Beside the carvings, which are both painted and unpainted, there are information boards that tell you about the locations and the interpretations of the rock carvings. The tour also takes you past other sights of cultural and historical interest such as livestock paths, a ruined windmill and remains of cottages. Along the way there are a couple of places for a rest and a location affording a magnificent view of the Tanum Plain and the World Heritage Area. From the car park red-topped posts show the way. The path is quite hilly in places.
Kasen Lövåsen
This is the first panel that you reach if you follow the path. On the far side of the panel there are two deeply carved ships, very visible in the afternoon sun. Close beside the platform on the steps there are two other very interesting ships. In both cases the crew can be clearly seen with their paddles raised in the air. In the stern of the ship on the left stands a man who is a good deal bigger than the other men of the crew. Perhaps there is a value perspective and it is the ship’s skipper that we see. From the man’s head what look like rabbit’s ears stick up. We are presumably looking at a helmet with horns. It was during the Bronze Age that horned helmets were fashionable and not during the Viking era.

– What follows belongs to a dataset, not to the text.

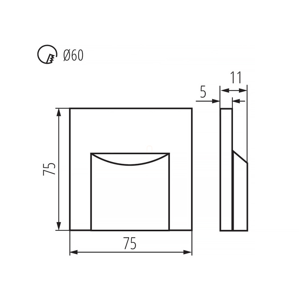 A LED lépcsővilágító, szögletes 0,8W, 4000K, 15lm, fekete - Ernius Kanlux 33333 egy modern, energiatakarékos világítási megoldás, amelyet kifejezetten lépcsőfelületek megvilágítására terveztek. A 0,8 wattos LED modul 15 lumen fényáramot biztosít, 4000 K-es hidegfehér színhőmérséklettel, amely tiszta, semleges fényt ad. A lámpatest 75 mm hosszúságú és magasságú, valamint 11 mm szélességű, így kompakt kialakítása révén diszkréten illeszkedik a falba. Műanyag háza ellenálló, a kivágási méret 60 mm, így egyszerűen beépíthető. A termék 12 V névleges feszültséggel működik, tápegységet nem tartalmaz. A beépített LED modulnak köszönhetően nincs szükség izzócserére. Fekete színű kivitele modern megjelenést biztosít bármilyen belső térben.
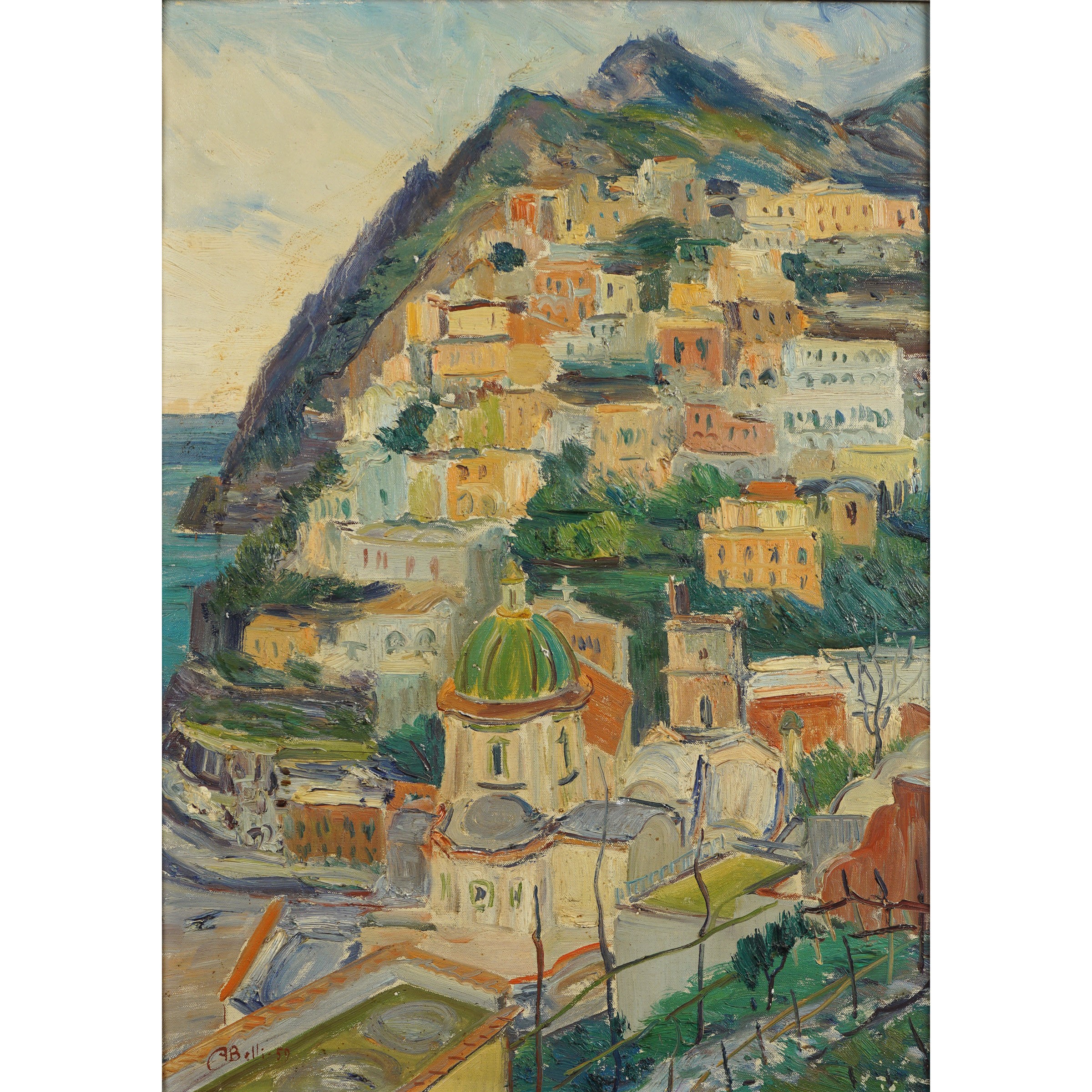 Italia XX Sec. Veduta di Positano, olio su tela, firmato in basso a sinistra

Ten metres or so to the right of the steps there is another man with a horned helmet. This is the “sorcerer” or “shaman”. Like the skipper the shaman has what appears to be a big nose. These elongated faces have been interpreted as indicating that the person depicted is wearing a mask, perhaps a bird mask with a beak. The shaman is also interesting because he shows some of the most common attributes that can be seen on the men of the rock carvings. That it is a man can hardly be doubted because the shaman is depicted with a clearly erect penis. The scabbard of a sword protrudes from the rear of the shaman. The end of the scabbard is in a form similar to the bronze fittings that have been found from the Bronze Age. The extremely thick calves are also something often seen on persons depicted. Perhaps they were regarded as handsome.
The Gerum Panel
The Gerum panel, also known as the Runohällen (the runic panel), bears no runic script, only Bronze Age carvings. The name comes from the fact that in times past what could be seen on it was believed to be prehistoric script. In the middle of the Runohällen is its most frequently discussed carving, the flying swing or the maypole. The image has acquired this name because it brings to mind the maypoles and dancers that can be seen in, for example, Dalarna. At the top there is a platform with a man on it. From the platform hang “ropes” with figures on the ends.
However it is not only this unique carving that makes the panel interesting, but also its place in the landscape. Runohällen is a carving that is located very low. Sea level during the Bronze Age was much higher than it is today, and at the beginning of the Bronze Age, around 1800 B.C., the whole rock was under water and the cultivated landscape where the panel lies today was a part of the inner archipelago. By about 1500 B.C. the sea had receded a little and the shoreline was about half a metre below the platform of the maypole. It was at this time that the first images were carved on the panel. The earliest images are the ships that have a keel line that goes up like an antenna at one end and finishes in a blob at the other. The ships have thus been carved on a panel that was lashed by the waves of the Bronze Age and it is not difficult to imagine a clear connection between the depictions of ships and the sea beside which they lay.
Sotetorp
Sotetorp is the third and final rock carving on the “World Heritage Tour” circuit. The best known carving on this rock is probably the representation off an acrobat, a “voltigeur”, who is doing a backward somersault over a ship. Men resembling the shaman from Kasen Lövåsen are standing in both the bow and the stern. Several experts have drawn parallels between our Scandinavian acrobats and the depictions of bull leapers from the contemporary Minoan culture of Crete.
There have also been discoveries of acrobats of bronze that have presumably been attached to wooden models of ships. Just to the left of the ship with the voltigeur there is a so called sunwheel, a symbol normally taken to represent the sun. It could of course also be a depiction of a wagon wheel and spokes, a new invention during the Bronze Age.